MQTT fragmentation is entirely dependent on the TCP/IP library MSS, which varies according to lwIP. Since onMqttMessage() doesn't recognize fragmentation, packets larger than the MSS will get treated as multiple distinct messages.

If you use the v2 Higher Bandwidth option (mss 1460) then it works fine; OTA packets never get fragmented and everything is happy.

If you use the v2 Lower Memory lwIP variant, TCP/IP buffers are so small (mss 536) that the OTA chunks fragment, checksum errors get thrown, and hilarity ensues.

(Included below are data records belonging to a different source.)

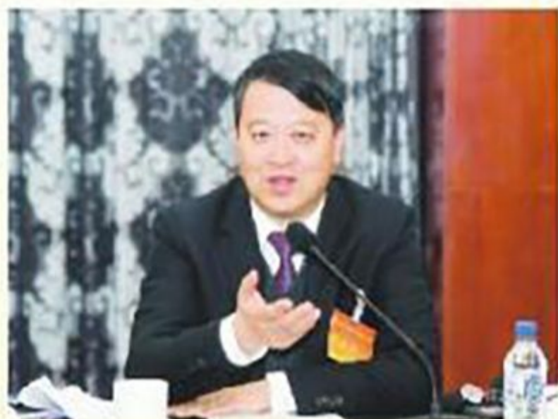
市委书记王庭凯与委员座谈时发表意见
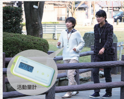
スマートシティ構築トライアル事業 （わくわく健康ポイント事業）
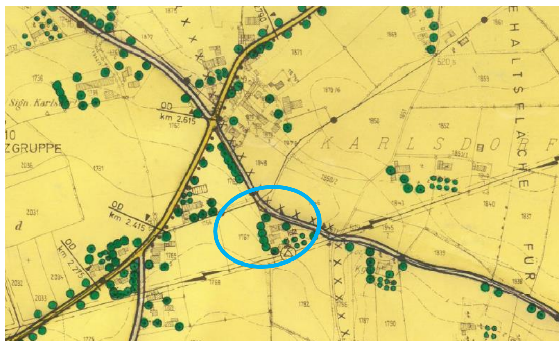
Abbildung: Ausschnitt rechtswirksamer FNP mit blauer Umrandung des Plangebietes

Die Gemeinde Forstern verfügt über einen rechtswirksamen Flächennutzungsplan in der Fassung vom 21.10.1987 mit bisher 13 rechtswirksam gewordenen Änderungen. Der für die vorliegende Flächennutzungsplanänderung gegenständliche Bereich wird darin als Fläche für die Landwirtschaft dargestellt.

You can make onMqttMessage() handle fragmentation quite easily:

diff --git a/src/ESP8266MQTTMesh.cpp b/src/ESP8266MQTTMesh.cpp
index be659f4..a12ece8 100644
--- a/src/ESP8266MQTTMesh.cpp
+++ b/src/ESP8266MQTTMesh.cpp
@@ -1008,11 +1008,20 @@ void ESP8266MQTTMesh::onMqttUnsubscribe(uint16_t packetId) {
 }
 
 void ESP8266MQTTMesh::onMqttMessage(char* topic, char* payload, AsyncMqttClientMessageProperties properties, size_t len, size_t index, size_t total) {
-  memcpy(inbuffer[0], payload, len);
-  inbuffer[0][len]= 0;
-  dbgPrintln(EMMDBG_MQTT_EXTRA, "Message arrived [" + String(topic) + "] '" + String(inbuffer[0]) + "'");
-  broadcast_message(topic, inbuffer[0]);
-  parse_message(topic, inbuffer[0]);
+  if( total >= MQTT_MAX_PACKET_SIZE ) {
+    dbgPrintln(EMMDBG_WIFI, "Ignoring oversize " + String(total) + " byte packet");
+	 return;
+  }
+  memcpy(&inbuffer[0][index], payload, len);
+  inbuffer[0][index+len]= 0;
+  if( index+len == total ) {
+	  dbgPrintln(EMMDBG_MQTT_EXTRA, "Message arrived [" + String(topic) + "] '" + String(inbuffer[0]) + "'");
+	  broadcast_message(topic, inbuffer[0]);
+	  parse_message(topic, inbuffer[0]);
+  } else {
+	  dbgPrintln(EMMDBG_MQTT_EXTRA, "Partial message [" + String(index+len)
+	  + " of " + String(total) + "]");
+  }
 }
 
 void ESP8266MQTTMesh::onMqttPublish(uint16_t packetId) {

I tested it, and it works okay. However I don't know if it'll work in a true mesh situation because broadcast_message() then needs to get these "oversize" messages out, and I haven't the foggiest as to what happens in broadcast_message() with oversize MQTT packets. I'm not really set up to test that part.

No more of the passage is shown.